Longeant le trottoir avec un certain flegme, la bête est en vue, à une dizaine de mètres devant
Benoit D, qui la suit en respectant, par pure intuition, cette distance de sécurité. « Pourvu qu’il
ne me remarque pas, pense-t-il. J’aurais l’air malin, moi. Qu’est-ce que je lui dirais ? Que je
suis là par hasard ? Mais enfin ! Qu’est-ce qu’il me prend ? Je n’ai quand même aucun
compte à rendre à cette sale bique ! Je le suis si cela me plait et puis c’est tout ! Et d’ailleurs,
ce serait bien plutôt à moi de lui demander ce qu’il fait là, en pleine nuit, non ? C’est lui qui
vit chez moi et pas l’inverse ! »
L’animal se dirige droit vers l’arrêt de tram et l’excitation de Benoit D monte d’un cran. Ses
sens s’aiguisent dans les derniers mètres, mais ce n’était qu’une fausse alerte, car voilà que le
chat poursuit sa route. Au passage, Benoit D en profite pour vérifier le tableau horaire fixé sur
le poteau : « Le prochain tram passe donc à vingt-trois heures cinquante-huit et le dernier à
minuit vingt-huit. Mais pourquoi ne l’attend-il donc pas ici, tout simplement ? Je ne
comprends pas. Est-ce parce qu’il est conscient de ma présence et qu’il a décidé de me faire
tourner en bourrique ? Ou préfère-t-il monter à un autre arrêt ? Ou prendre un autre numéro ?

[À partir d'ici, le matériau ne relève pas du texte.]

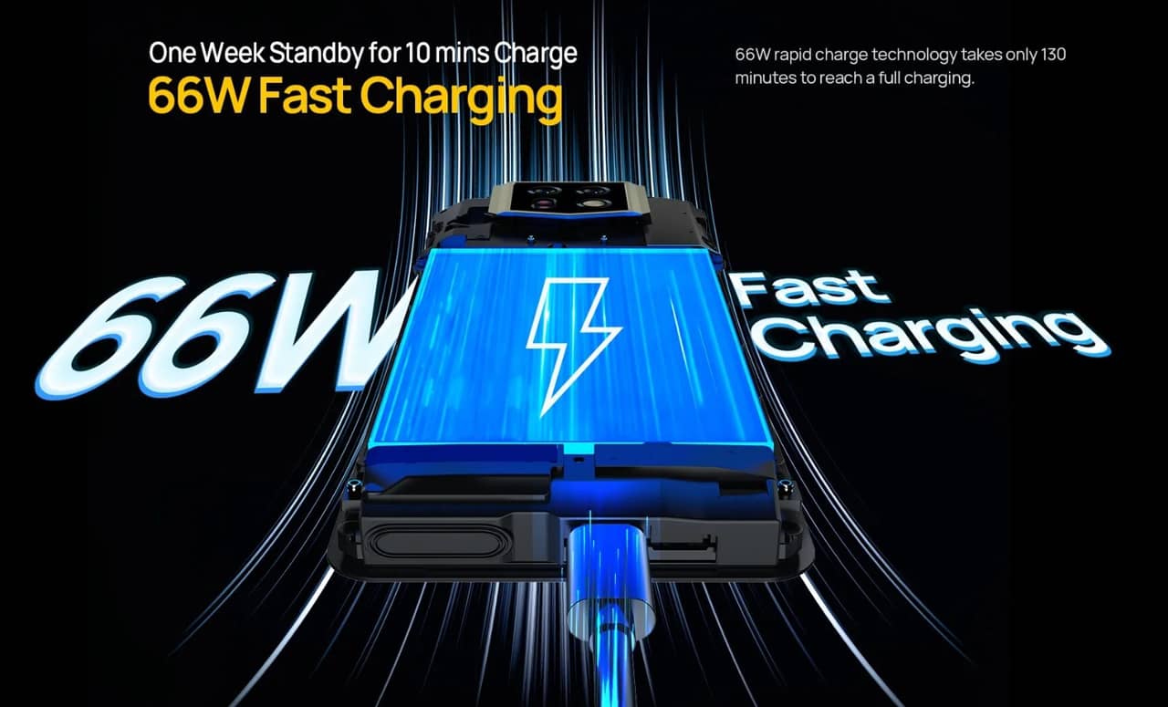 ▼巨大バッテリーだと相対的に充電が遅くなってしまうのですが、Ulefone Armor 24はその弱点を補うべく66W充電に対応となっており隙がないスペック!0%→フル充電には2時間10分はかかるものの、数日使える電池持ちを考えれば十分でしょう。↓

Il doit avoir ses habitudes et cela doit dépendre de sa destination finale… En tout cas, cette
bête semble connaitre le réseau mieux que moi… »
Et c’est maintenant vers une rue perpendiculaire qui mène directement au parc voisin que la
bête se dirige. Il fait très sombre dans ce quartier résidentiel et Benoit D n’a d’autre choix que
de poser ses lunettes de soleil au bout de son nez afin de pouvoir regarder par-dessus.
Au fond de la rue, le chat pénètre dans le parc en traversant un buisson épineux. Par chance, le
portique d’entrée est juste quelques mètres sur le côté et Benoit D l’enjambe sans devoir
ramper. « Cette sécurité ne pourrait empêcher que les mamies, qui seraient de toute façon les
dernières à s’aventurer dans un parc pendant la nuit… Mais… Où est-il passé ? Merde, on n’y
voit rien ici. Pourquoi ne l’ai-je pas recouvert d’une petite veste pour chien fluorescente ?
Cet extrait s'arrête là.